EXERCISE PROMPT -
Without the pictures, retype exactly the lines from the top of the entries below through the line that contains "The Blacksmiths in".

INFORMATION -
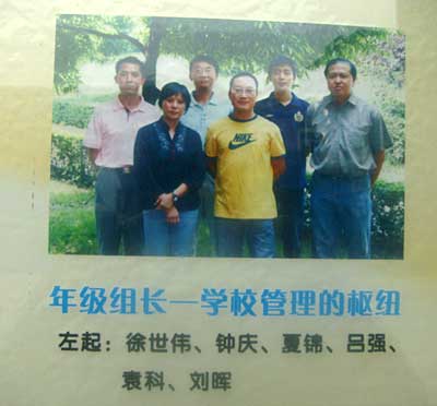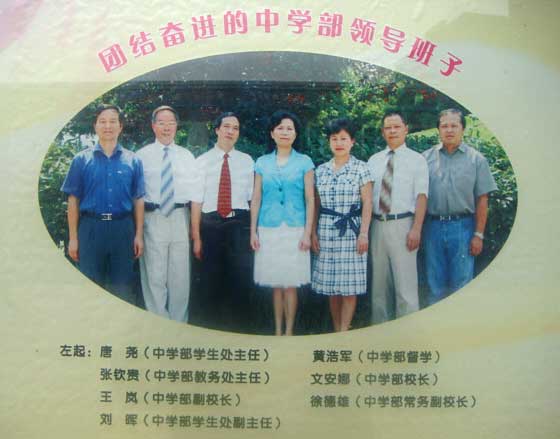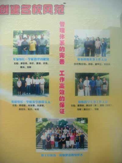 櫥窗中的中學(xué)部領(lǐng)導(dǎo)班子、班主任、年級組長、處室工作人員
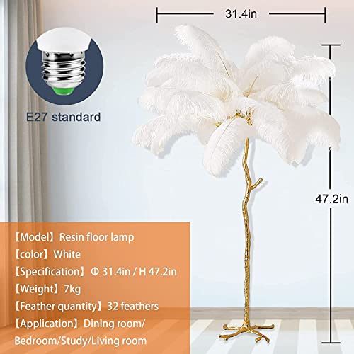 YHYYU Lampada da terra con piume di struzzo, moderna lampada a stelo a LED, dimmerabile, lampada da lettura di lusso, per soggiorno e camera da letto (Bianco, 120cm)
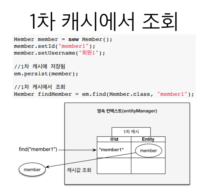 조회시에는 바로db에 가서 조회 해오는게 아니라 1차 캐시에 있는지 확인해서 있으면 1차 캐시에서 조회해옴.
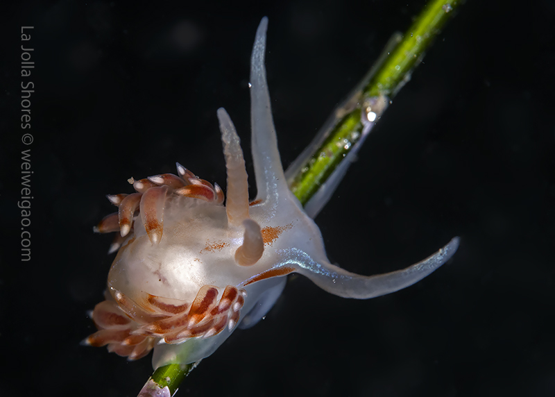 The Blacksmiths in the Cardinalfish den are huge. A Janolus was creeping along in the detritus, hope it evades all the Navanax that are still out, Sea Hares and a few Pipefish also out.
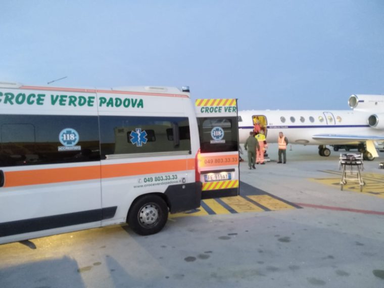 La bimba trasportata da Cagliari a Venezia da un aereo Falcon 50 dell'Aeronautica Militare per essere trasferita all'Azienda Ospedaliera di Padova
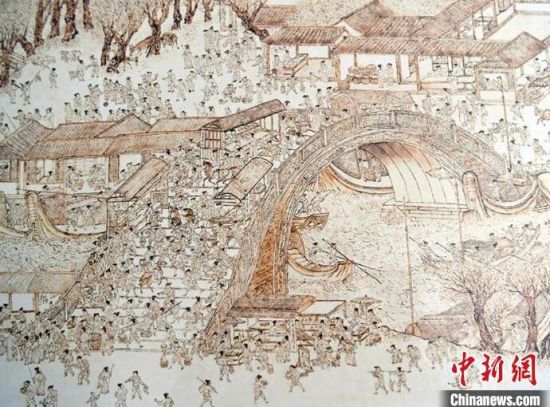 王巖用烙畫技術(shù)臨摹的明代清明上河圖。

RESULT OF THE TASK -
 櫥窗中的中學(xué)部領(lǐng)導(dǎo)班子、班主任、年級組長、處室工作人員
 YHYYU Lampada da terra con piume di struzzo, moderna lampada a stelo a LED, dimmerabile, lampada da lettura di lusso, per soggiorno e camera da letto (Bianco, 120cm)
 조회시에는 바로db에 가서 조회 해오는게 아니라 1차 캐시에 있는지 확인해서 있으면 1차 캐시에서 조회해옴.
 The Blacksmiths in the Cardinalfish den are huge. A Janolus was creeping along in the detritus, hope it evades all the Navanax that are still out, Sea Hares and a few Pipefish also out.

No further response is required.